Re: [PATCH] proc: make high precision system boot time available

From: Sami Kerola
Date: Sat Jun 29 2013 - 16:53:32 EST


On 29 June 2013 15:23, Eric W. Biederman <ebiederm@xxxxxxxxxxxx> wrote:
>
> Nacked-by: "Eric W. Biederman" <ebiederm@xxxxxxxxxxxx>
>
> The pach does not solve the problem described.

Which might be true, and I am open to better proposals.

> Sami Kerola <kerolasa@xxxxxx> writes:
>
>> The kernel does not expose precise start time anywhere. Precision of
>> sysinfo() is limited to a second. The /proc/uptime has precision of two
>> decimals. Neither are good enough when klog messages are displayed with
>> a log time stamp that is converted to human understandable format, such
>> as ISO-8601. The problem is that imprecise knowledge about uptime will
>> lead human readable klog time stamps to wiggle in user commands, such as
>> dmesg(1).
>
> Using an adjusted idea like boottime will also cause wiggle whenever the
> clock is set, or we have a leap second. So I can't see this solving
> anything.

I must disagree. Unless a boot time expressed with at least the same
accuracy as the klog messages the human readable time stamps can be
rounded to differently making for example dmesg output to be unstable.

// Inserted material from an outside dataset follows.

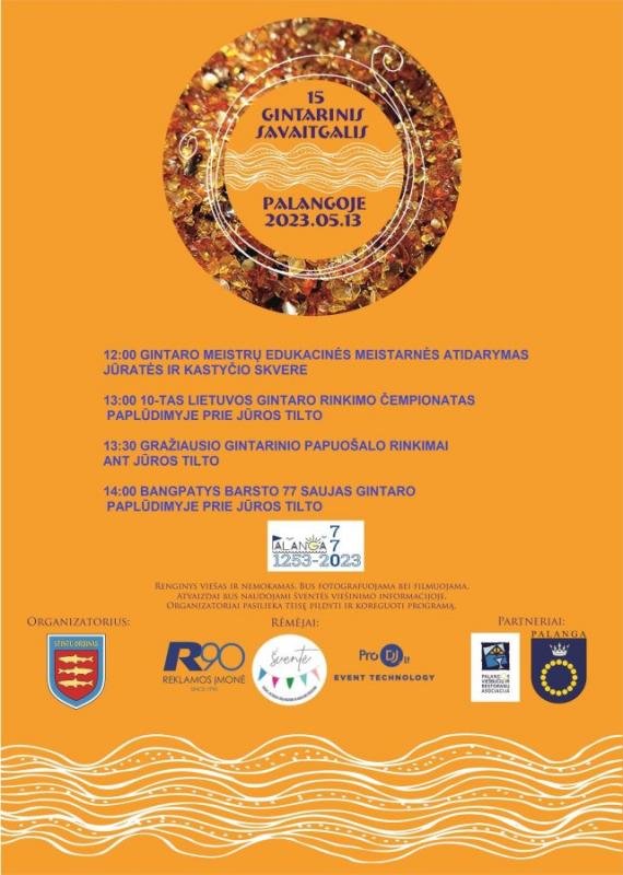 “GINTARINIS SAVAITGALIS“ - tradicinis Palangos renginys, rengiamas penkioliktą kartą, skirtas populiarinti pajūrio gintaro apdirbimo amatą, juvelyriką, legendas, gydomąsias ir ezoterines gintaro savybes, edukacinius užsiėmimus, gintaro naudojimą buityje, medicinoje, puošyboje, kulinarijoje. Renginio metu bus organizuojamas 10 - tasis Lietuvos gintaro rinkimo čempionatas, renkamas šventės dalyvis su gražiausiu gintaro papuošalu ar aksesuaru, organizuojama gintaro barstymo pajūryje atrakcija. veiks „Gintaro Meistarnė“, kurioje gintaro apdirbimo meistrai demonstruos ir mokys norinčius gintaro apdirbimo amato subtilybes. Gegužės 13-oji – Meilės, laisvės deivės Mildos diena, kai žydint sodams norisi sakyti tik meilės žodžius, prisiliesti prie amžinojo meilės šaltinio kartu su žmonėmis, kuriuos myli, kurių lauki.

diff -q <(dmesg --ctime) <(sleep 0.5 ; dmesg --ctime)

>> Additionally the current dmesg and journalctl(1) are disagreeing when
>> kernel events occurred. The dmesg is using sysinfo(2) to determine boot
>> time, while journalctl is using systemd(1)'s early clock_gettime(2) call.
>> Here is demonstration how different baseline effects on a random laptop.
>>
>> $ dmesg --ctime | grep 'Initializing cgroup subsys cpuset'
>> [Fri Jun 28 07:40:12 2013] Initializing cgroup subsys cpuset
>> $ journalctl -b | grep 'Initializing cgroup subsys cpuset'
>> Jun 28 07:40:21 kerolasa-home kernel: Initializing cgroup subsys cpuset
>
> Here you are show nearly 10 seconds of difference in time. Subsecond
> accuracy is not likely to help you here.

That is exactly the point, systemd is using different logic to
determine system start time. I am not sure why that was done, but my
guess is that all existing ways to determine boot time lead to
rounding errors so a private estimation was invented.

Of course i could align dmesg with systemd, by reading boot time from
systemd's dbus, but I believe after that uptime(1), top(1), [and so
on], would disagree with these two commands. Essentially it seems to
be either a) wiggling, or b) even more random estimation of boot time
from which I need to choose unless there is a new interface.

>> To solve the wiggling problem, and to have a boot time coming from source
>> which everyone can agree is 'good enough' estimation of system start up,
>> the kernel needs to tell the boot time as precisily as it can.
>
> Quite frankly none of this makes a lick of sense to me. Your deep
> complaint is a human pretty printer is not matching the results of
> another human pretty printer.
>
> I fail to see how the limitations of pretty printers justifies
> maintiaing yet another kernel interface. Especially for something so
> dubious and fluctuating as the time we think the wall clock read when we
> started up.

Correct. This is at the end user space issue. As a system
administrator I cannot understand when dmesg events happen, when they
are expressed in their 'native' format. But if I use human readable
time stamps output is unstable, and different tools give different
answers. That seems flawed as well.

BTW having a way to measure effect of suspend/resume could lead to a
way to fix time time distortion.

> I can't imagine this interface doing anything except generating more
> user complaints. A made up number with more digits after the decimal
> point remains a made up number.

I am not claiming the /proc/boottime would fix every considerable
issue. What it tries to address is 1) stable high accuracy boot time
source, which 2) can be agreed in between utilities to be the
authoritative boot time source. Maybe the leap seconds will break
something, but I consider that better problem than current situation.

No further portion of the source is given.